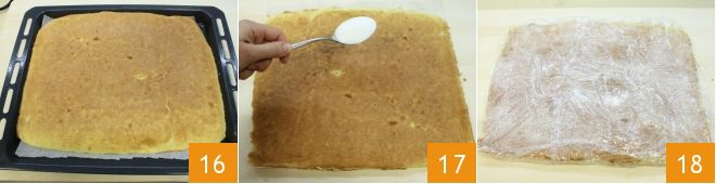 Extraed el bizcocho del horno 16, retiradlo inmediatamente de la bandeja, colocándolo con todo el papel de horno sobre una superficie. Espolvoread la superficie del bizcocho con azúcar granulado 17, para que no se pegue, y selladlo inmediatamente con film, doblándolo también debajo de los lados 18. De este modo el bizcocho, al enfriarse, retendrá en su interior toda la humedad que servirá para que sea elástico y ayudará a doblarlo sin que se rompa.
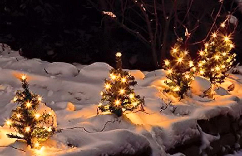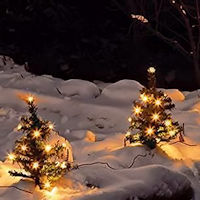 Entzückende LED-Tannenbaumstäbe als 5er-Ensemble für festliche Innen- und Außen-Dekorationen in der Advents- und Weihnachtszeit Die 5 Tannenbaum-Stäbe mit einer Höhe von 25 cm und einer Breite von 13 cm sehen einfach herzig aus. Sie können überall im Freien in weiche Böden gesteckt werden. Aufgrund ihres natürlichen Aussehens fügen sie sich harmonisch in Garten-, Blumen- und Staudenbeete, auf Rasen- Kies- und Sandflächen, aber auch in großen Balkonkästen und Pflanztöpfen harmonisch ein und verleihen Ihrem Ambiente eine liebenswert festliche Note. Die 5 Tannenbaum-Leuchtstäbe sind jeweils mit 12 warmweiß strahlenden LED bestückt und mit einem 70 cm langen Kabel miteinander verbunden. Ob sie die Tannenbäumchen dicht aneinanderreihen oder mit max. 70 cm Abstand dekorieren bleibt ganz Ihnen überlassen. Das Leuchtstäbe-Set wird mit einem IP44-Außentransformator betrieben und verfügt über ein 5 m langes Zuleitungskabel.
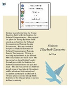 Kristen was inducted into the Young Speakers Guild with the Institute for Cultural Communicators. She received 1st place for Young Speakers Guild award at an Institute for Cultural Communicators Forensic Society Tournament. She was invited to compete at National Institute for Cultural Communicators Forensic Society Tournaments. Kristen is currently ranked 96% in the US and 98% in Louisiana for ACT score. She has served on Area Student Leader Council team with the Institute for Cultural Communicators the past two years. She also has served on children's church team at local church throughout middle school and high school, and
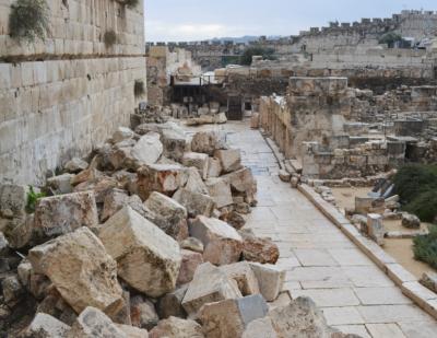 This picture shows the remains of a street in Jerusalem, excavated by archaeologists. This street passed down the side of the wall which formed the western side of the Temple Mount, on which the Jerusalem Temple was built. This street would have been in use at the time of Jesus and it is likely that Jesus walked along it.
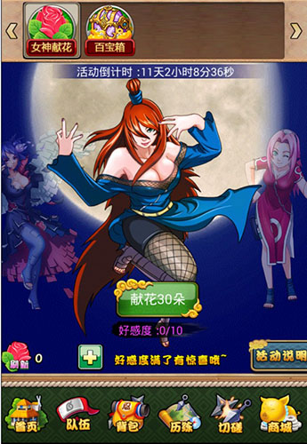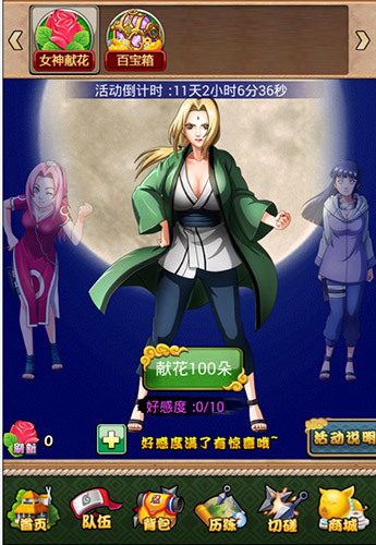 活动内容: 活动期间每充值一元获得一朵玫瑰,玫瑰可以先给不同的女神,女神好感度满后可获得女神的回馈:(好感度满了更可欣赏女神私密照片哦~)其中,雏田需要1朵玫瑰提升1点好感度,小南需要10朵,照美冥需要30朵,春野樱需要50朵,纲手需要100朵,而每个女神都需要10点好感度才能获得回馈。
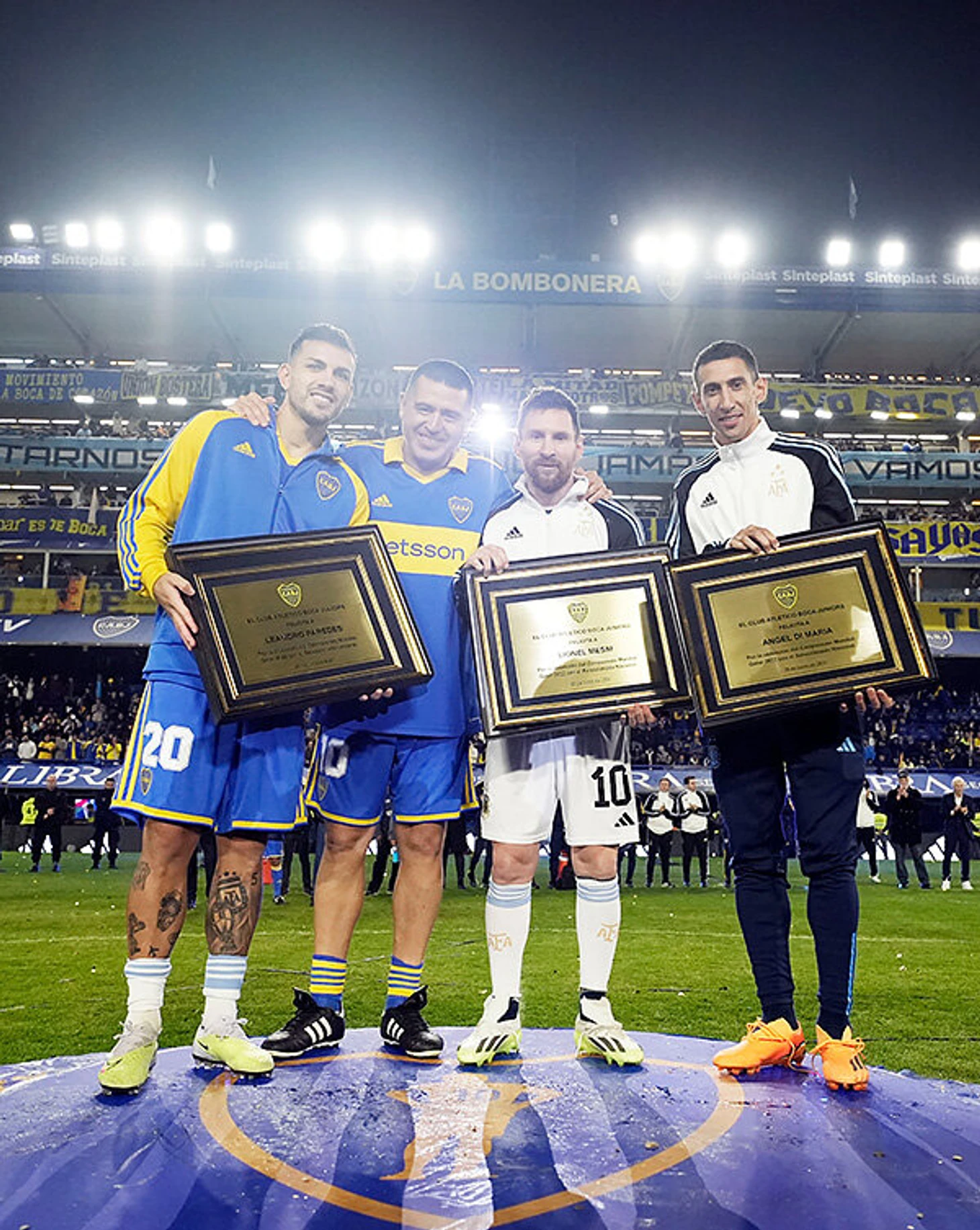 Перед матчем между «Бока Хуниорс» и сборной Аргентины Месси и Рикельме сфотографировались с Ди Марией и Паредесом.
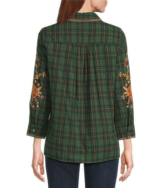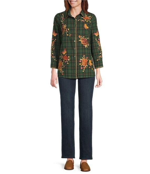 Calessa Floral Embroidered Crinkle Woven Point Collar Long Sleeve Button Front Shirt
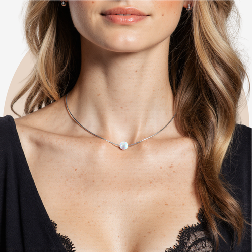 Omega Halskette mit weißem Opal (8 mm, AAA-Qualität) – 925 Silber, weiß rhodiniert | Licht & Harmonie
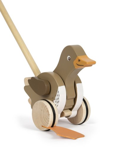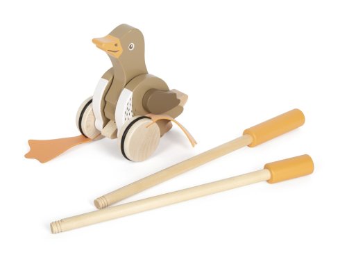 Predstavujeme Vám drevenú ťahaciu kačičku na tyči – malého pomocníka pre prvé krôčiky Vášho dieťaťa! Táto robustná drevená hračka s kolísavými nožičkami je navrhnutá tak, aby rozžiarila oči Vášho malého prieskumníka a vzbudila v ňom túžbu objavovať svet okolo seba. Veselé klapavé zvuky a kolísanie hlavy jazdíka prinesie radosť z pohybu a hry. Drevená tyč, ktorá je výškovo nastaviteľná, poskytuje oporu pri prvých neistých krôčikoch. Rovnováha a pohyb sú zručnosti, ktoré deťom tento jazdík pomôže rozvinúť. Deti môžu kačičku strkať alebo ťahať doma aj vonku. Sledujte, ako sa Vaše dieťa učí a smeje s každým krokom, ktorý urobí s týmto dreveným kamarátom . Hlavné vlastnosti: zábavnou formou podporuje pohybovú aktivitu detí rozvíja motorický vývoj a koordináciu pohybu výškovo nastaviteľná tyč jazdíka vhodnej od 1,5 roka pri zatlačení jazdík pohybuje hlavou pogumované a tiché kolieska certifikát FSC Značka a certifikát FSC® (Forest Stewardship Council) zaručuje, že drevo, z ktorého vyrobený, nebolo vyťažené nelegálne a pochádza z lesov obhospodarovaných šetrným či prírode blízkym spôsobom, v ktorom sú dodržiavané prísne environmentálne a sociálne požiadavky. Značka FSC® na výrobku znamená, že svojim nákupom pomáhate chrániť lesy a podporujete šetrné, zodpovedné či prírode blízke hospodárenie, vďaka ktorému sú naše lesy stabilnejšie, zdravšie, majú prirodzenú druhovú skladbu a lepšie odolávajú negatívnym následkom klimatických zmien.
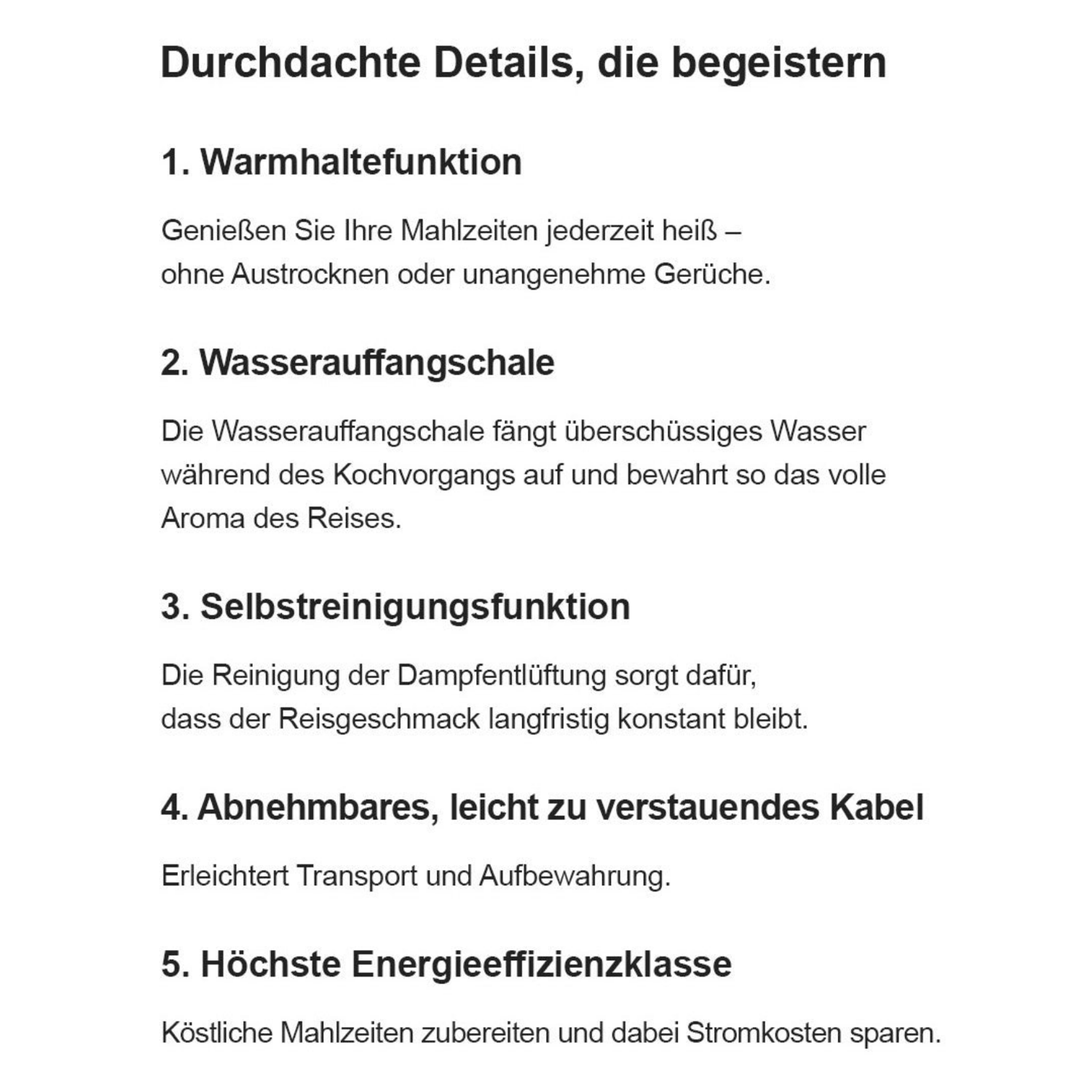 | Leistung | 880 W (kochend) / 95 W (warm) |
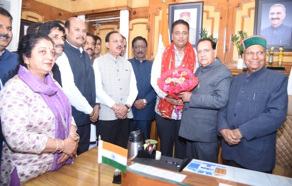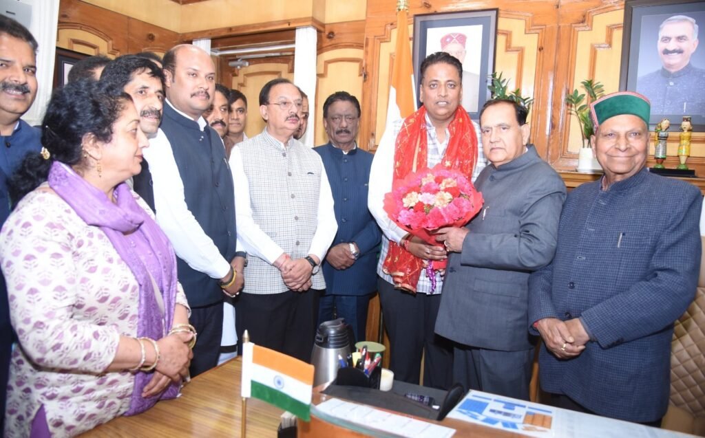 हिमाचल प्रदेश विधान सभा सचिवालय में निर्वाचन अधिकारी से राज्य सभा के लिए सांसद के रूप में  निर्विरोध निर्वाचित होने का प्रमाण पत्र हासिल करने के उपरान्त राज्य सभा सांसद अनुराग शर्मा ने हिमाचल प्रदेश विधान सभा अध्यक्ष कुलदीप सिंह पठानियां से उनके कार्यालय कक्ष में शिष्टाचार भेंट की। इस अवसर पर उन्होने विधान सभा अध्यक्ष को गुलदस्ता भेंट कर उनका आर्शीवाद लिया।
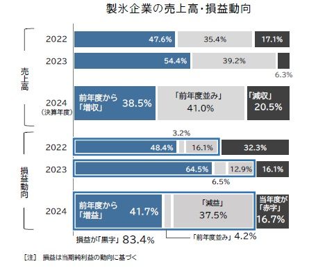 特に、近年の記録的な猛暑により、家庭での需要に加え、コンビニコーヒー向けの需要も拡大しており、製氷企業の4割近くが前年から増収を確保している。アイスポールなどの付加価値の高い小売やインバウンド客の増加により飲食店や宿泊業向けの需要も増加。かき氷店や露店からの引き合いも増大するなど、冬場も工場を稼働させて夏に備えている企業もあるほどだ。
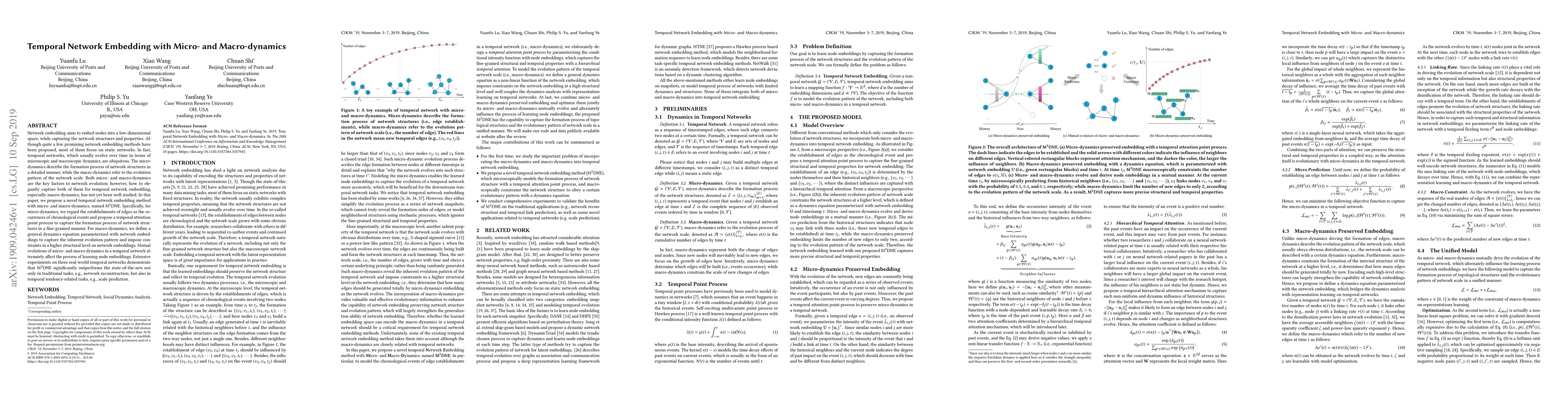 Network embedding aims to embed nodes into a low-dimensional space, while capturing the network structures and properties. Although quite a few promising network embedding methods have been proposed, most of them focus on static networks. In fact, temporal networks, which usually evolve over time in terms of microscopic and macroscopic dynamics, are ubiquitous. The micro-dynamics describe the formation process of network structures in a detailed manner, while the macro-dynamics refer to the evolution pattern of the network scale. Both micro- and macro-dynamics are the key factors to network evolution; however, how to elegantly capture both of them for temporal network embedding, especially macro-dynamics, has not yet been well studied. In this paper, we propose a novel temporal network embedding method with micro- and macro-dynamics, named $\rm{M^2DNE}$. Specifically, for micro-dynamics, we regard the establishments of edges as the occurrences of chronological events and propose a temporal attention point process to capture the formation process of network structures in a fine-grained manner. For macro-dynamics, we define a general dynamics equation parameterized with network embeddings to capture the inherent evolution pattern and impose constraints in a higher structural level on network embeddings. Mutual evolutions of micro- and macro-dynamics in a temporal network alternately affect the process of learning node embeddings. Extensive experiments on three real-world temporal networks demonstrate that $\rm{M^2DNE}$ significantly outperforms the state-of-the-arts not only in traditional tasks, e.g., network reconstruction, but also in temporal tendency-related tasks, e.g., scale prediction.
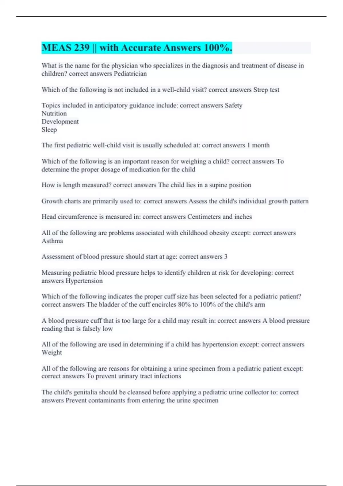 What is the name for the physician who specializes in the diagnosis and treatment of disease in children? correct answers Pediatrician Which of the following is not included in a well-child visit? correct answers Strep test Topics included in anticipatory guidance include: correct answers Safety Nutrition Development Sleep The first pediatric well-child visit is usually scheduled at: correct answers 1 month Which of the following is an important reason for weighing a child? correct answers To determine the proper dosage of medication for the child How is length measured? correct answers The child lies in a supine position Growth charts are primarily used to: correct answers Assess the child's individual growth pattern Head circumference is measured in: correct answers Centimeters and inches All of the following are problems associated with childhood obesity except: correct answers Asthma Assessment of blood pressure should start at age: correct answers 3 Measuring pediatric blood pressure helps to identify children at risk for developing: correct answers Hypertension Which of the following indicates the proper cuff size has been selected for a pediatric patient? correct answers The bladder of the cuff encircles 80% to 100% of the child's arm A blood pressure cuff that is too large for a child may result in: correct answers A blood pressure reading that is falsely low All of the following are used in determining if a child has hypertension except: correct answers Weight All of the following are reasons for obtaining a urine specimen from a pediatric patient except: correct answers To prevent urinary tract infections The child's genitalia should be cleansed before applying a pediatric urine collector to: correct answers Prevent contaminants from entering the urine specimen
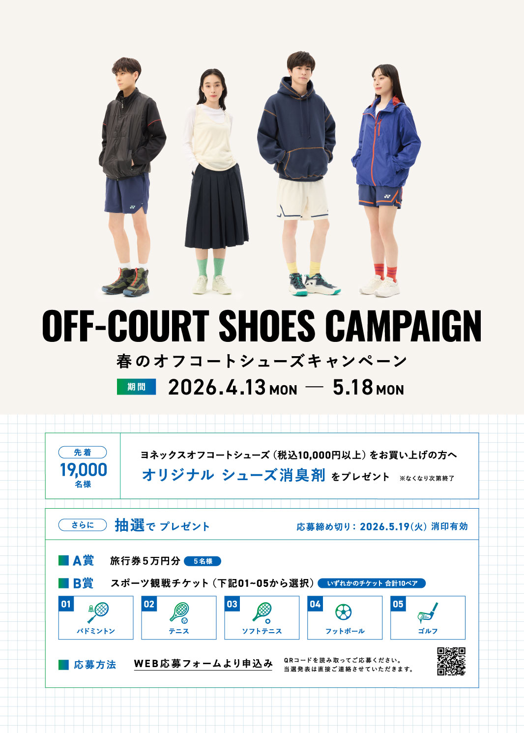 キャンペーン期間中、メーカー小売希望価格10,000円以上(税込)のオフコートシューズをお買い上げの方、先着19,000名様にオリジナルシューズ消臭剤をプレゼント。また、専用応募はがきによる申し込み、もしくは下記WEB応募フォームにて必須事項をご登録・応募いただいた方の中から抽選で5名様に旅行券5万円分(A賞)、10組20名様に「スポーツ観戦チケット」(B賞)をプレゼントいたします。
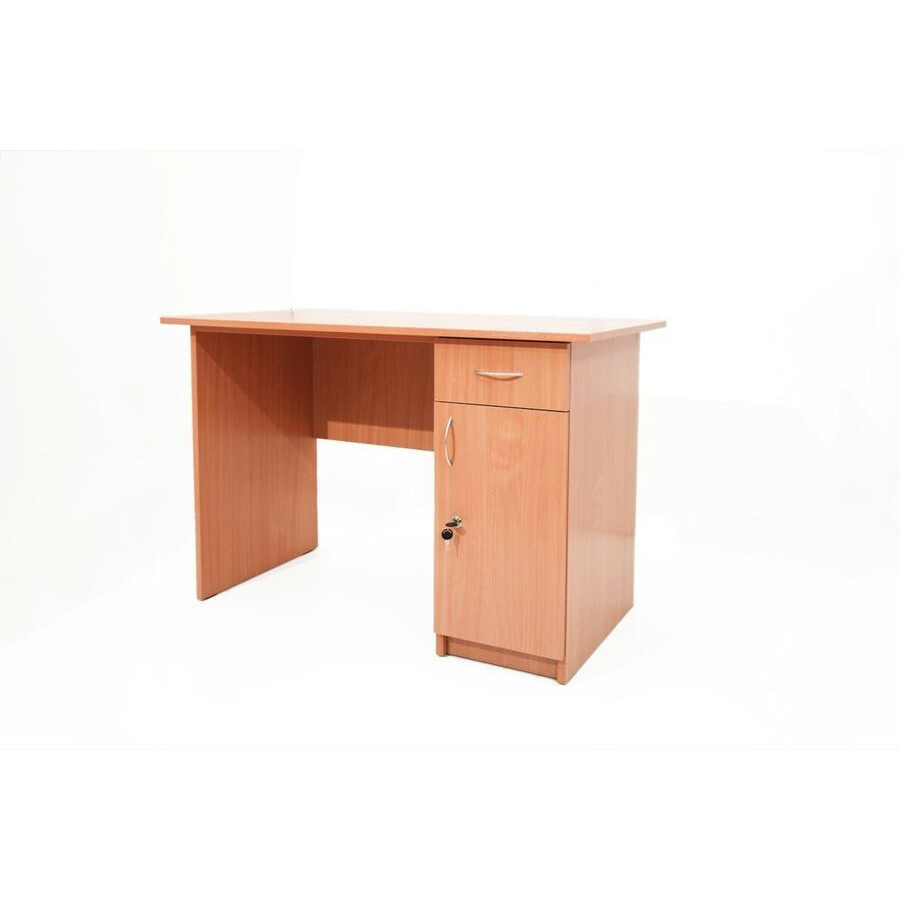 Biurko wykonane z płyty meblowej w standardowym kolorze buk gr. 18mm (możliwe inne kolory do wyboru). Widoczne krawędzie zabezpieczone zostały listwą PCV. Prezentowany model wyposażony jest w szufladę oraz zamykaną szafkę w której znajduje się jedna półka. Szuflada porusza się na prowadnicach rolkowych. Szuflada oraz szafka otwierana za pomocą metalowych uchwytów. Szeroki blat z pewnością pozwoli na wygodną pracę oraz naukę.
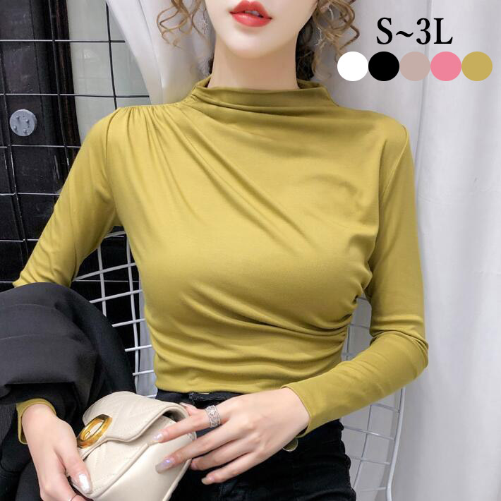 カットソーコットン Tシャツトップスロングタイトレディース長袖 大きいサイズ小さいサイズシンプルフェミニン 無地SML2L3L4L

Requirement>
Set down again, word for word, every line from the one with "95 W (warm) |" to the one with "特に、近年の記録的な猛暑によ" in the entries above, and omit the pictures.

Result for this task>
 | Leistung | 880 W (kochend) / 95 W (warm) |
 हिमाचल प्रदेश विधान सभा सचिवालय में निर्वाचन अधिकारी से राज्य सभा के लिए सांसद के रूप में  निर्विरोध निर्वाचित होने का प्रमाण पत्र हासिल करने के उपरान्त राज्य सभा सांसद अनुराग शर्मा ने हिमाचल प्रदेश विधान सभा अध्यक्ष कुलदीप सिंह पठानियां से उनके कार्यालय कक्ष में शिष्टाचार भेंट की। इस अवसर पर उन्होने विधान सभा अध्यक्ष को गुलदस्ता भेंट कर उनका आर्शीवाद लिया।
 特に、近年の記録的な猛暑により、家庭での需要に加え、コンビニコーヒー向けの需要も拡大しており、製氷企業の4割近くが前年から増収を確保している。アイスポールなどの付加価値の高い小売やインバウンド客の増加により飲食店や宿泊業向けの需要も増加。かき氷店や露店からの引き合いも増大するなど、冬場も工場を稼働させて夏に備えている企業もあるほどだ。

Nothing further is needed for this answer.